The most emotional moment for me was during the “Finale” event when Addison took the gun to try and kill herself, saying she was now back in CONTROL. And Michelle telling her, in front of all these people, the participants I learned to love dearly, Darren and Clint, whom at this point I considered really close friends,  “no you’re not Sabrina Kern, you never were”. A part of me died on the inside at that moment, because it was the final event and yes I was now “just” Sabrina Kern again. Not Addison, not overseer, not Gatekeeper 2, just Sabrina Kern. I proceeded to take off my red dress and put on my jeans, white tshirt and chucks and drove off into the sunset (no literally, I drove off into the sunset at the end). No more Addison.

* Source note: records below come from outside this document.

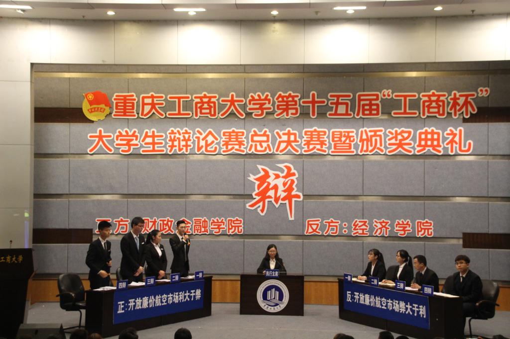 4月7日下午两点,2138CC太阳集团第十五届“工商杯”大学生辩论赛总决赛暨颁奖典礼在博智楼7100隆重举行。我院与经济学院以“开放廉价航空市场利大于弊还是弊大于利”为辩题展开激烈辩论。团市委宣传部副部长林子琪,重庆邮电大学校辩论队教练齐东文,我校法学院党总支书记李自维,通识学院党总支副书记邹奇,校辩论队教练李长坤应邀担任本次决赛的评委。
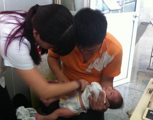 恰在這時(shí),一名年輕的“奶爸”旅客左手拉著一個(gè)行李箱,背后背著一個(gè)大包,右手還抱著一個(gè)尚在襁褓中嚶嚶哭泣的小嬰兒,滿(mǎn)頭大汗的來(lái)到服務(wù)臺(tái)前,小寶寶可能肚子餓了,一直在哭泣,小寶寶的媽媽又沒(méi)有隨行,只有爸爸一個(gè)人對(duì)付小家伙,實(shí)在是沒(méi)轍了,只得到服務(wù)臺(tái)求助。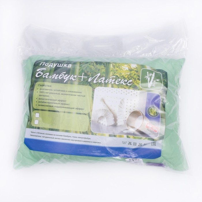 Подушка Бамбук+Латекс высокая 50×68 см зел., бамбуковое волокно/натур.латекс, микрофибра, пэ100% 2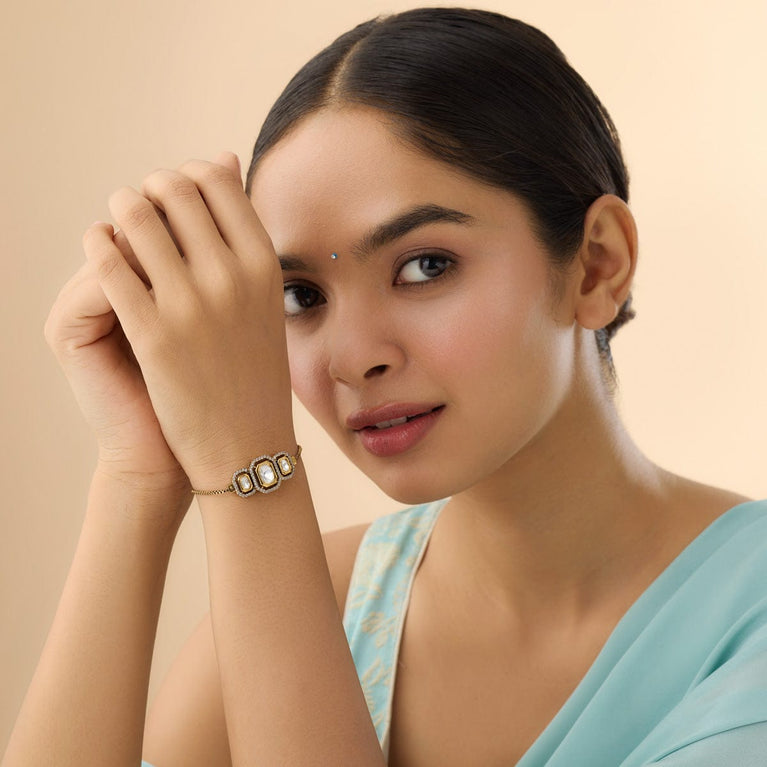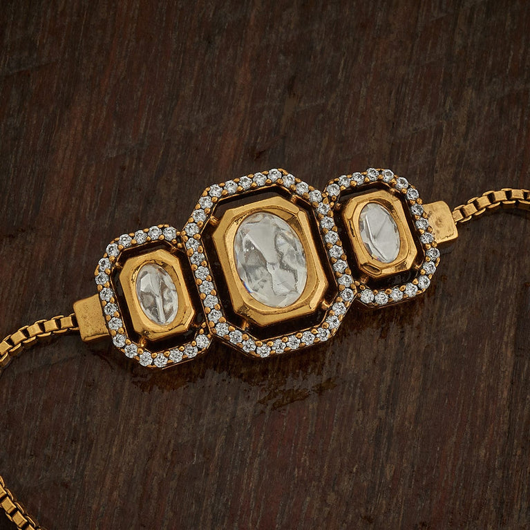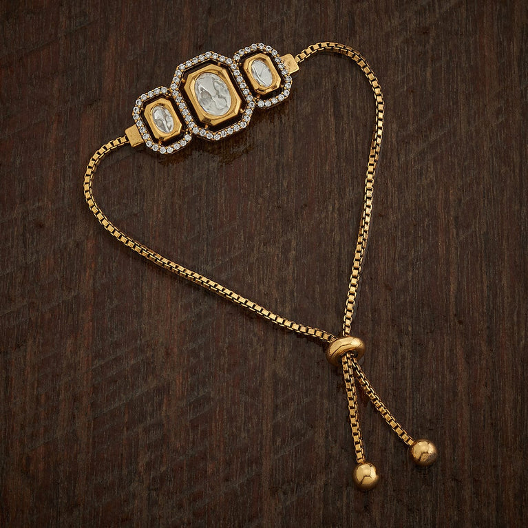Kushal's Fashion Jewellery Kundan BraceletOne of the reasons why fashion lovers love Kundan stones is due to their natural shine and elegance that help them stand out from the crowd. Allow our latest Kundan bracelet to give you this look for this wedding season. The intricate work details and the studded Kundan stones are more than enough to make you the center of attraction.

But of course, I am ok with that. And I embrace it and love it. And I am forever grateful for having been able to play the part of Addison, the meek little girl from Ohio that moved to Los Angeles to be an actress but fell in love with the wrong guy and suddenly found herself being the leader of a cult. Of course there were so many more layers to that story, as you can tell reading through this book. It was the craziest journey I’ve ever been on anda little part of Addison will always be in my heart.  And she will be there when I get to immersive myself into the next character. And I can’t wait to find out what or who that character

 it is. I just know I will give it my all again and fall in love all over again…I have many more stories to tell. 

TWO

And it is time for another blog. Been back in LA for a little over a month now and I’m happy to announce that I’ve not had kale once since I’m back. I have though been to a tanning bed recently, and by recently I mean this morning, and let myself be talked into trying out a “MUST HAVE PRETANNING LOTION THAT LIKE IS LIKE SO ESSENTIAL TO YOUR LIKE TAAAN THAT LIKE YOU REALLY LIKE NEED IT”. What can I say. The lady was really nicely tanned. I trusted her. Well. Being the person I am I obviously ended up having an intense allergic reaction to the stuff and ended up LEAPING out of the bed after 3 minutes in a panic only to notice that I have gotten a terrible dark red rash all over my body and running (IN MY UNDERWEAR) to the front desk to yell at the tanned lady and tell her I need a shower. She calmly guided me to a SINK (??) where I furiously tried to rub this burning sensation off my body whilst not only texting Stee to come to the tanning place THIS VERY SECOND (I amost got mad too, like why aren’t you here already??did you NOT take a chopper?poor guy) but also factime my mother who, bless her little heart, was just trying to buy some groceries at Migros during the time.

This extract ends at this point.